**What to work on**:
Write out every line exactly, from the start of the records below to the line with "MAX 📱Мой канал в ВК", and stop there. Don't write out the pictures.

**Dataset records**:
·····

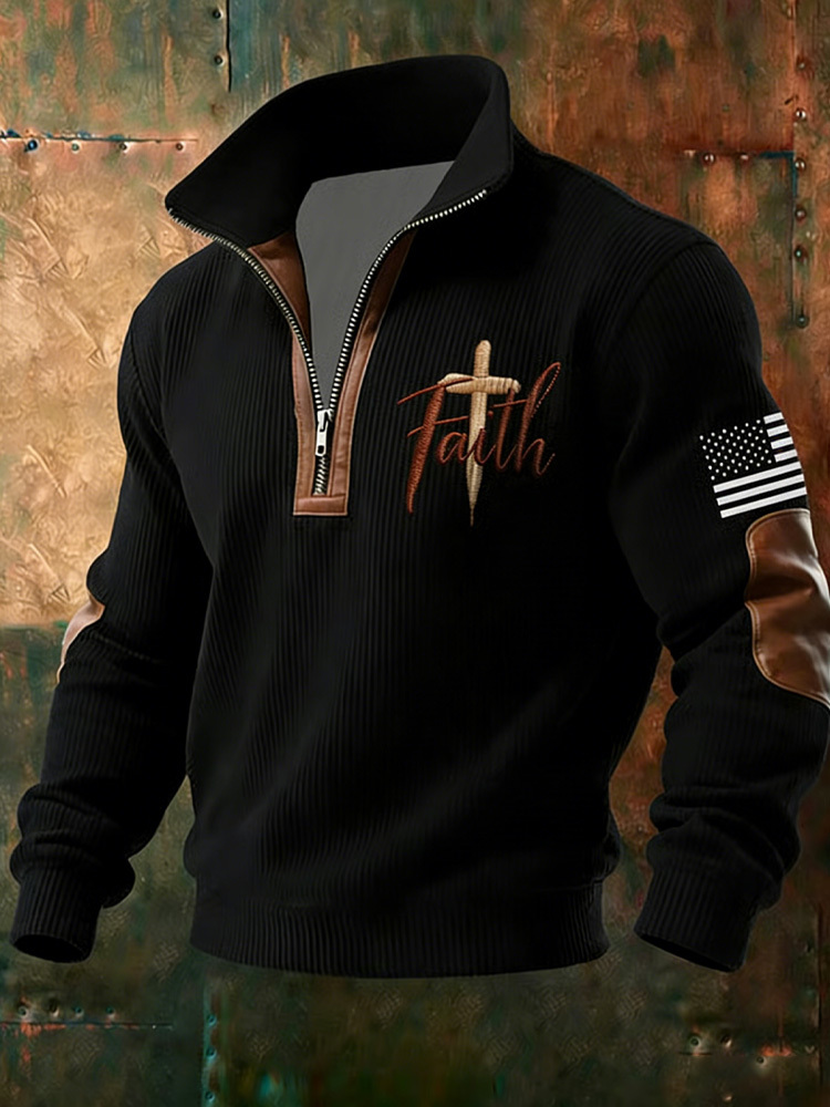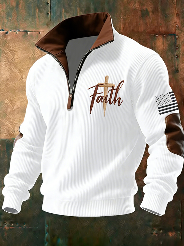 Men's Retro Faith Zip Fleece Collar Sweatshirt
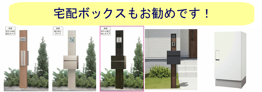オープンの場合は機能門柱が多く使われます。ポスト・表札・インターホン・照明が一体となった門柱です。
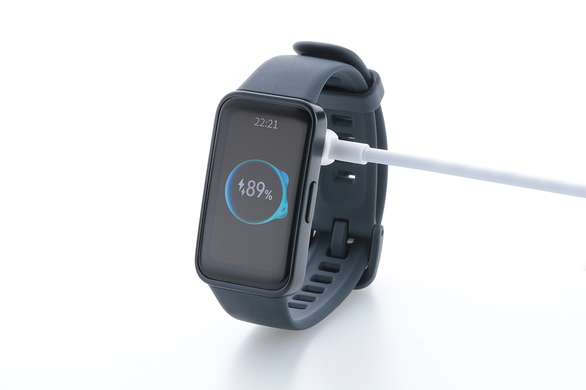 バッテリーは、ヘビーユースで約9日間、通常使用で約14日間と長く、24時間の健康モニタリング機能のログを継続的に記録できる。「充電が面倒で……」と、スマートウォッチを着用しなくなる人は多いが、最長約2週間のロングライフバッテリーを実現した本機なら、日々の充電の煩わしはほとんどない。約5分間の充電で約2日間の使用が可能になる、急速充電にも対応しているのもポイントだ。
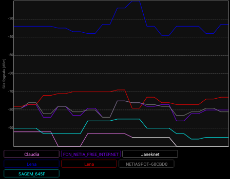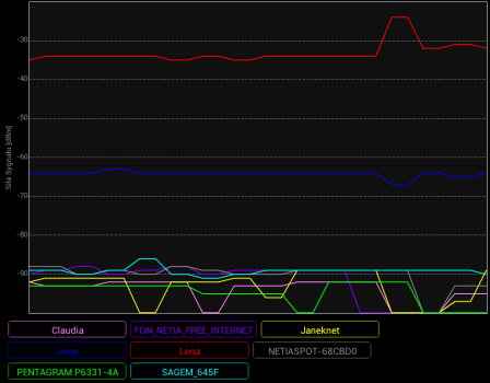 Na koniec wykresy mocy sygnałów na poszczególnych piętrach domu. Domowy router widnieje jako sieć Lena o kolorze niebieskim, a repeater jako sieć Lena o kolorze czerwonym. Pierwszy pomiar przy domowym routerze. Sieć domowa posiada mocny sygnał w granicy od -30 do -40 dBm. Natomiast repeater emituje sygnał o mocy -70 do -80 dBm. Być może problem tkwi w skierowaniu anten, gdyż tutaj faktycznie jesteśmy pod repeaterem, gdzie jego anteny rozgłaszają sieć na piętrze i strychu.
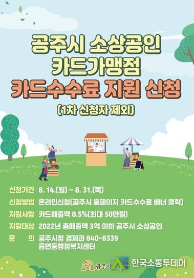 한국소통투데이 관리자 기자 | 공주시는 물가 상승 등 경영환경 변화로 어려움을 겪는 소상공인의 부담을 덜어 주기 위해 카드수수료를 지원한다고 16일 밝혔다.
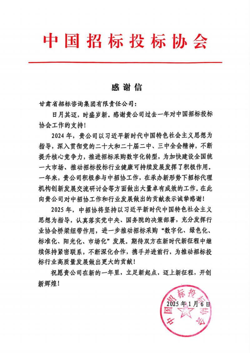 近日,省招標(biāo)集團收到來自中國招標(biāo)投標(biāo)協(xié)會(下稱“中招協(xié)”)的感謝信,感謝省招標(biāo)集團作為中招協(xié)常務(wù)理事單位為招標(biāo)投標(biāo)行業(yè)發(fā)展作出的積極貢獻。
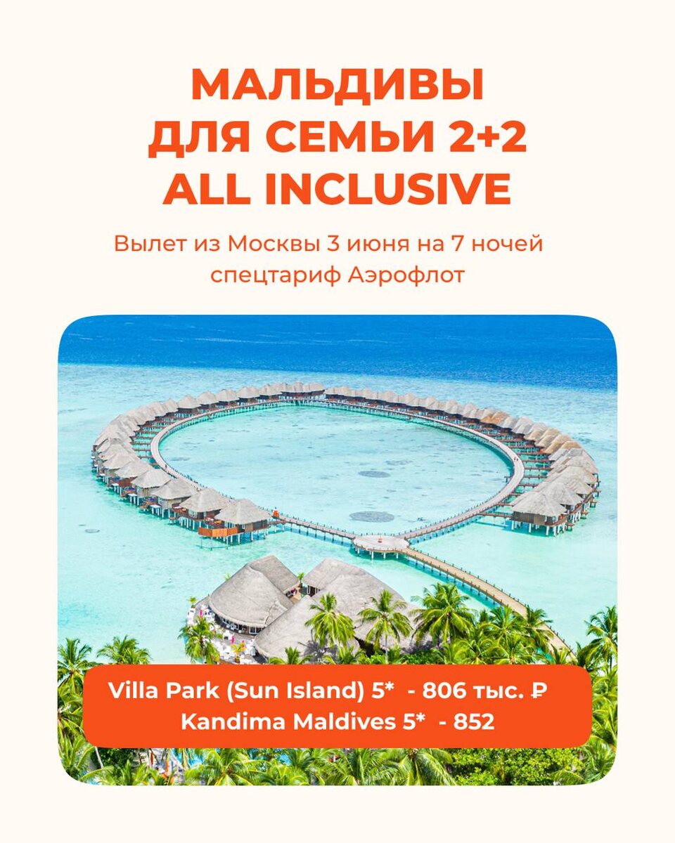 🌴 📅 4 июня на 7 ночей ✈️ Вылет из Москвы - спецтариф Аэрофлот 👨👩👧👦 2 взрослых + 2 детей 🍽 Питание: All Inclusive ✨ Villa Park (Sun Island) 5* 💸 806 000 ₽ ✨ Kandima Maldives 5* 💸 852 000 ₽ ✨ Machchafushi Island Resort & Spa Maldives 5* 💸 864 000 ₽ ✨ Siyam World Maldives 5* 💸 956 000 ₽ ✨ Cocoon Maldives 5* 💸 966 000 ₽ ✨ Kuredhivaru Resort and Spa 5* 💸 1 290 000 ₽ 🌊 В отелях предусмотрена инфраструктура для семейного отдыха: детские клубы, активности и размещение, подходящее для отдыха с детьми. Отдых на Мальдивах - это комфортные отели, тёплый океан и спокойная атмосфера островов 🌊 Оставляйте заявку для консультации и бронирования тура 📩 💬Написать в Telegram 📱Написать в MAX 🌟 ПОДПИСЫВАЙТЕСЬ НА МОИ КАНАЛЫ🙂🙂🙂 📲 Мой канал в MAX 📱Мой канал в ВК
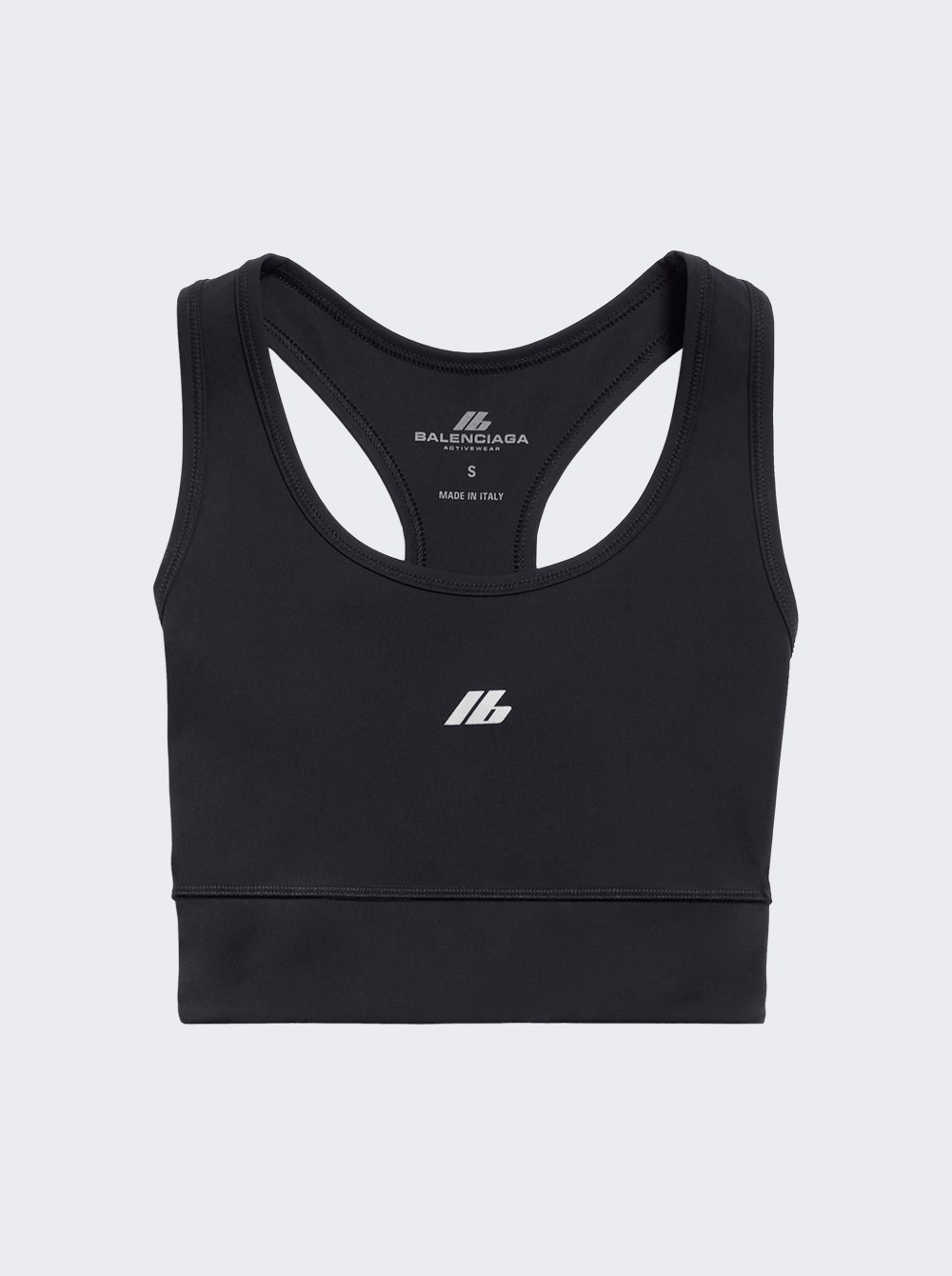 Details - Tone-on-tone overlock stitching - Racer back - Stretch finish - Activewear logo printed at front Dimensions: Model is 5'9"/175cm and is wearing a size S Composition: 58% Polyamide, 42% Elastane Care: Care according to label Brand Style: 793282 4E2B9 Designer/Brand: BALENCIAGA

·····

**Response area**:
 Men's Retro Faith Zip Fleece Collar Sweatshirt
オープンの場合は機能門柱が多く使われます。ポスト・表札・インターホン・照明が一体となった門柱です。
 バッテリーは、ヘビーユースで約9日間、通常使用で約14日間と長く、24時間の健康モニタリング機能のログを継続的に記録できる。「充電が面倒で……」と、スマートウォッチを着用しなくなる人は多いが、最長約2週間のロングライフバッテリーを実現した本機なら、日々の充電の煩わしはほとんどない。約5分間の充電で約2日間の使用が可能になる、急速充電にも対応しているのもポイントだ。
 Na koniec wykresy mocy sygnałów na poszczególnych piętrach domu. Domowy router widnieje jako sieć Lena o kolorze niebieskim, a repeater jako sieć Lena o kolorze czerwonym. Pierwszy pomiar przy domowym routerze. Sieć domowa posiada mocny sygnał w granicy od -30 do -40 dBm. Natomiast repeater emituje sygnał o mocy -70 do -80 dBm. Być może problem tkwi w skierowaniu anten, gdyż tutaj faktycznie jesteśmy pod repeaterem, gdzie jego anteny rozgłaszają sieć na piętrze i strychu.
 한국소통투데이 관리자 기자 | 공주시는 물가 상승 등 경영환경 변화로 어려움을 겪는 소상공인의 부담을 덜어 주기 위해 카드수수료를 지원한다고 16일 밝혔다.
 近日,省招標(biāo)集團收到來自中國招標(biāo)投標(biāo)協(xié)會(下稱“中招協(xié)”)的感謝信,感謝省招標(biāo)集團作為中招協(xié)常務(wù)理事單位為招標(biāo)投標(biāo)行業(yè)發(fā)展作出的積極貢獻。
 🌴 📅 4 июня на 7 ночей ✈️ Вылет из Москвы - спецтариф Аэрофлот 👨👩👧👦 2 взрослых + 2 детей 🍽 Питание: All Inclusive ✨ Villa Park (Sun Island) 5* 💸 806 000 ₽ ✨ Kandima Maldives 5* 💸 852 000 ₽ ✨ Machchafushi Island Resort & Spa Maldives 5* 💸 864 000 ₽ ✨ Siyam World Maldives 5* 💸 956 000 ₽ ✨ Cocoon Maldives 5* 💸 966 000 ₽ ✨ Kuredhivaru Resort and Spa 5* 💸 1 290 000 ₽ 🌊 В отелях предусмотрена инфраструктура для семейного отдыха: детские клубы, активности и размещение, подходящее для отдыха с детьми. Отдых на Мальдивах - это комфортные отели, тёплый океан и спокойная атмосфера островов 🌊 Оставляйте заявку для консультации и бронирования тура 📩 💬Написать в Telegram 📱Написать в MAX 🌟 ПОДПИСЫВАЙТЕСЬ НА МОИ КАНАЛЫ🙂🙂🙂 📲 Мой канал в MAX 📱Мой канал в ВК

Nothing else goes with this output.